I hate to point out that if you were to look at the profitability of the casino... which might still be negative..... or gross sales...  both are doing a lot better now than when they set the assessment value a couple months ago.  Maybe that could be an argument for lowering the assessment value right?  Makes as much sense as arguing the whole place is worth cents on the dollar right out the door. 

Which then leads me to consider......  if we sell the parking garages they would have to pay property taxes right? How much are they expected to be valued at in total??? But if we lease them I am presuming they won't since they will still be owned technically by the Parking Authority.   All stop...  another post there...  back to the casino. 

Anyway... last weeks numbers are out and there is a bit of erosion in their numbers, but not too much.  They also seem to have kept up their heightened level of promotional play.  Below is what I see for that trend.  How do you get those prizes?  Can I just go hang out one day down at the casino and maybe I will win something...  I presume they must pay out based on your level of play??  but I dunno.

Rivers Casino Promotional Plays By Week


Blogger n'at said...

As soon as I read that statement in the PG i thought to myself: are there any other casinos in Pennsylvania proximate to real estate equal to or greater than Pittsburgh's CBD in density or overall value? One would expect that the casino in Philly would have an assessed value greater than ours, at least on per sqft metric - should said casino ever officially open.

Wednesday, March 24, 2010 9:24:00 PM  
Anonymous MH said...

I wonder if the state couldn't make more money as a payoff from Atlantic City for not having a casino in Philly than it could by opening a casino in Philly.

Wednesday, March 24, 2010 9:29:00 PM  
Blogger C. Briem said...

that would be a coasian side payment... MH must either be economist or lawyer?

Wednesday, March 24, 2010 10:25:00 PM  
Anonymous MH said...

Data analyst.

Wednesday, March 24, 2010 11:49:00 PM  
Anonymous BrianTH said...

As an aside, I still think it would be useful to add something like a four-week moving average to the Casino Revenues chart (it seems clear to me there is enough volatility to warrant doing that).

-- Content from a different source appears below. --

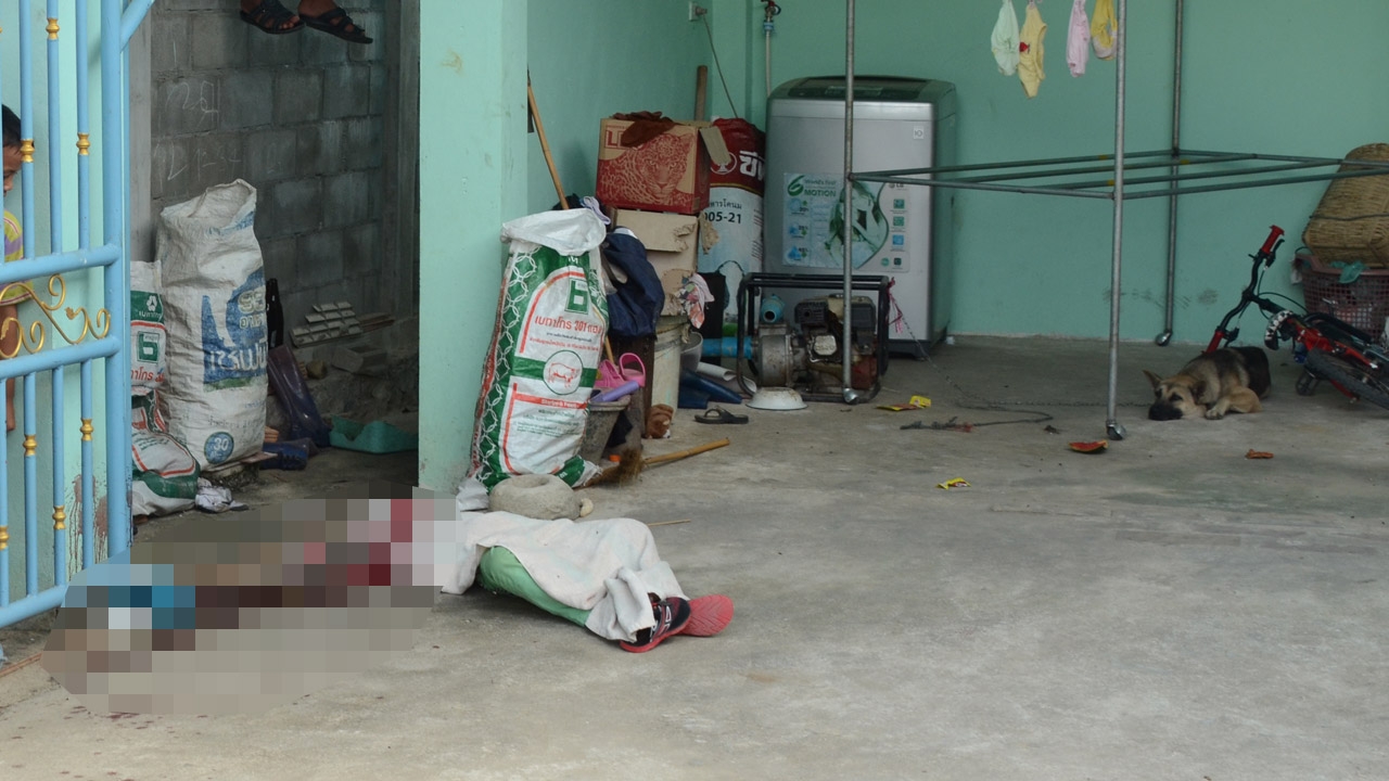 ที่เกิดเหตุ บริเวณด้านในรั้ว พบศพเด็กชายอายุประมาณ 6 ขวบ ถูกฟันคอเกือบขาดจมกองเลือด เข้าไปในบ้านกลางห้องโถงข้างโซฟา พบศพเด็กชาย 2 คน นอนหงายสภาพถูกฟันไปทั่วร่าง ในห้องนอนพบศพเด็กชายอีก 1 ศพ นอนหงายมีรอยถูกฟันบริเวณลำตัวจมกองเลือด และยังมีผู้ได้รับบาดเจ็บเป็นเด็กชายอีก 1 คน ถูกฟันตามร่างกาย เสียชีวิตในเวลาต่อมาที่ รพ.ไชยปราการ ส่วนผู้ได้รับบาดเจ็บ ทราบชื่อ นางยี่ก่อ แซ่เจิ้น อายุ 33 ปี ซึ่งเป็นหญิงท้องแก่ และเป็นป้าของเด็กที่เสียชีวิต ถูกฟันบริเวณใบหน้าบาดเจ็บสาหัส สำหรับเด็กที่เสียชีวิตเป็นชายอายุระหว่าง 5 - 8 ปี

Anyway, the AIA apparently estimated the construction cost at $300 million, and the County backed that down to $200 million to accord with the 2002 Base Year system. That part sounds plausible to me, and it also implies that whenever there is a reassessment it should go back up to $300 million.

But that does raise the question of what they spent the other $500 million on, and I'd like to see a breakdown. But part of me is looking at that building and thinking it doesn't look like much more than a $300 million building, so maybe it really did go somewhere else.

Thursday, March 25, 2010 12:26:00 PM  
Blogger C. Briem said...

that could be a deeper question than it seems... and one that will likely never be answered.

but the machines are pricey no doubt... but lets guess $10K a pop... they ought to have gotten a good deal given how bad the gaming industry is doing, but who knows. $10K times 3,000 is what? $30 mil. A big number, but not enough to matter in this calculation.